Keberagaman dan kebersamaan menjadi salah satu unsur penting di Indonesia. Indonesia
yang majemuk ditekankan oleh Nurcholish Madjid bahwa Keanekaraman budaya yang dimiliki
Indoneisa bukanlah salah satu hal yang patut kita banggakan, hal tersebut bukanlah hal yang unik
dan semua negara juga memiilki keberagamannya masing-masing, karena tidak ada satu
masyarakat pun yang benar-benar tunggal dan tanpa ada unsur perbedaan didalamnya. Faktanya
tidak ada masyarakat tanpa pluralitas khusus dalam hal agama kecuali seperti kota Makkah,
Madina dan Vatican, bahkan dinegeri yang dulunya merupakan pusat agama yahudi, dan kristiani
masih memiliki kelompok minoritas. Di Indonesia sendiri fakta ini cukup mengecewakan dan
menggelitik munculnya gerakan eklusifisme umat islam , ada yang memasang rambu-rambu di
kantor pelayanan desa “ maaf tidak melayani tamu wanita yang tidak berjilbab” padahal tak semua
warga desa yang wanita beragama islam. Dalam hal penguatan politik identitas di Indonesia,
observasi politik identitas dilakukan oleh kelompok mainstream atau sebagian besar kelompok
agama yang berusaha menyingkirkan dan menyimpang darinya, seperti kasus Ahmadiyah tahun
2006. Politik identitas Islam dijaga oleh kelompok fundamentalis yang melahirkan tiga bentuk
kekerasan. yang pertama adalah kekerasan fisik, pemujaan dan menyebabkan benda menjadi
trauma dan dibunuh. Kedua bentuk kekerasan simbolik tersebut memecah belah dan menghina
dalam bentuk ucapan atau tulisan. ketiga adalah kekerasan struktural. Itu ditegakkan oleh negara
melalui cara dan cara hukumnya sendiri. Padahal prinsip-prinsip dasar tidak hanya ada dalam
Islam, tetapi juga dalam agama lain, hal ini sebenarnya dipicu oleh modernitas Barat.

Tantangan dan solusi untuk kedepan dengan menerapkan pluralism berdampingan dengan
politik identitas disebuah negara yang masih dalam proses menuju kematangan modernitas dan
demokrasi yang terengah-engah seperti negeri kita Indonesia, ada beberapa Langkah yang bisa
dijalankan, Langkah pertama meluruskan pemahaman terhadap istilah pluralism pada semua
kelompok tanpa terkecuali dan tertinggal , terutama pada mereka yang dianggap pemuka agama
atau tokoh masyarakat, pluralism bukan berarti seseorang harus meninggalakan identitas
keagamaan dan lain-lain.

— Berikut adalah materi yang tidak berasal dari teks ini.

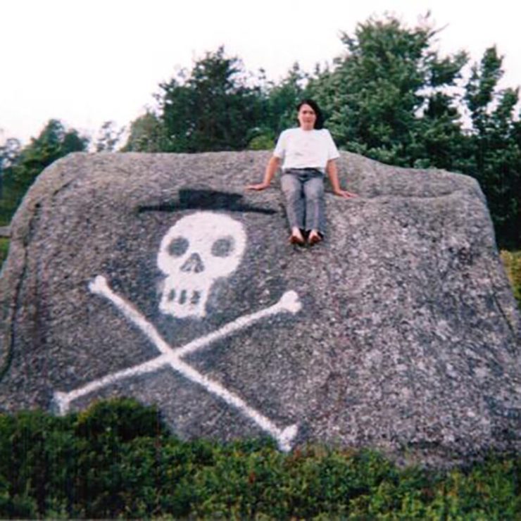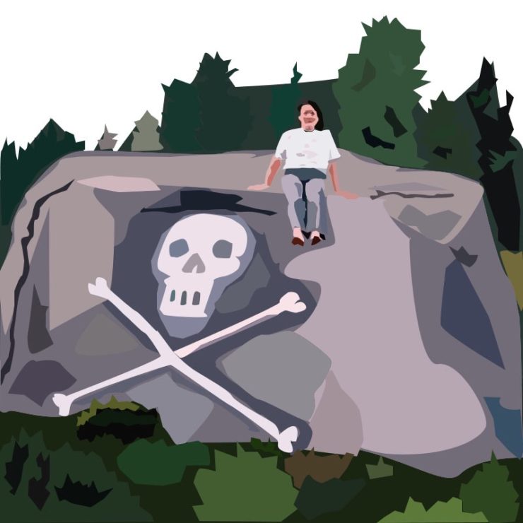 I decided to use a picture of skull rock, which is located by the pond in Maine my family has been going to for generations. The rock itself is part of a family tradition. The woman in the picture is my great aunt.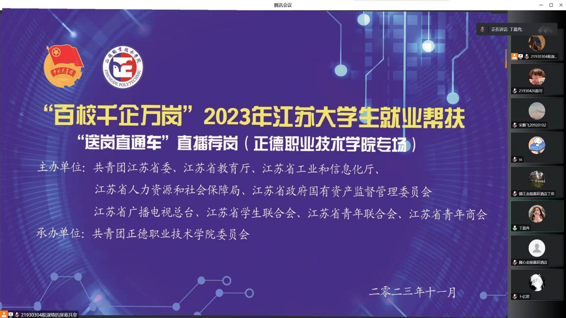为落实《2023年江苏“百校千企万岗”大学生就业帮扶行动实施方案》工作要求,提升就业质量,助力2023届高校毕业生就业工作,11月17日,院团委举办“百校千企万岗”2022年江苏省大学生就业帮扶行动暨“送岗直通车”直播荐岗活动(探花porn 专场)。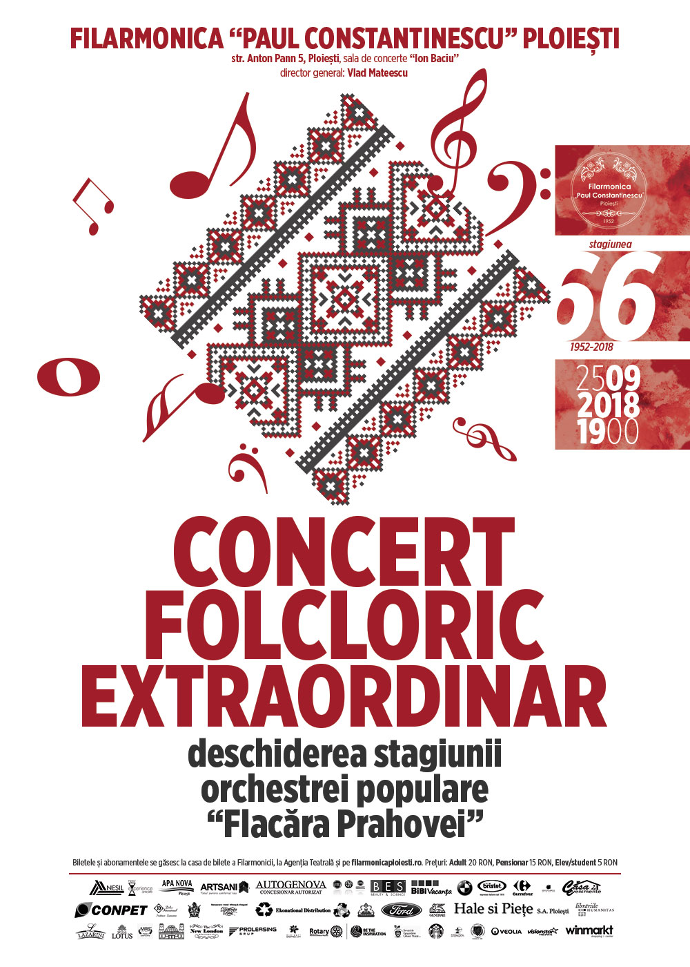 Concert Folcloric Extraordinar – Deschiderea stagiunii orchestrei populare „Flacăra Prahovei” – 25 septembrie 2018

Kedua dengan cara rekonsilisi dan rehabilitasi terhadap korban
kekerasan atas nama agama, agar terjadi kerukunan dan kedamaian setelahnya.
Pluralisme dan Politik Identitas dan Krisis Identitas oleh Eric Hiariej

Menurut Eric Hiariej, gerakan berbasis politik identitas membahayakan masa depan
Indonesia karena kerap menjadikan tindakan anti pluralisme, anti demokrasi, dan anti nasionalis,
mengutip Buya Syafii. Politik identitas negara ini dapat mencakup ras, agama, dan ideologi politik,
tetapi yang paling berbahaya adalah mereka yang mengenakan pakaian Islami yang secara
fundamental mendistorsi kebutuhan mereka yang sebenarnya. Politik identitas bukan hanya
perjuangan melawan ketidakadilan, tetapi juga memiliki andil penting dalam pluralisme dan
demokrasi. Penolakan penulis terhadap kelompok anti pluralisme menjadi ironis, seperti
postmodernisme, seperti halnya menikmati kopi tanpa kafein, bir non alkohol, seks tanpa kontak
fisik, atau menerima fundamentalis tanpa fundamentalisme.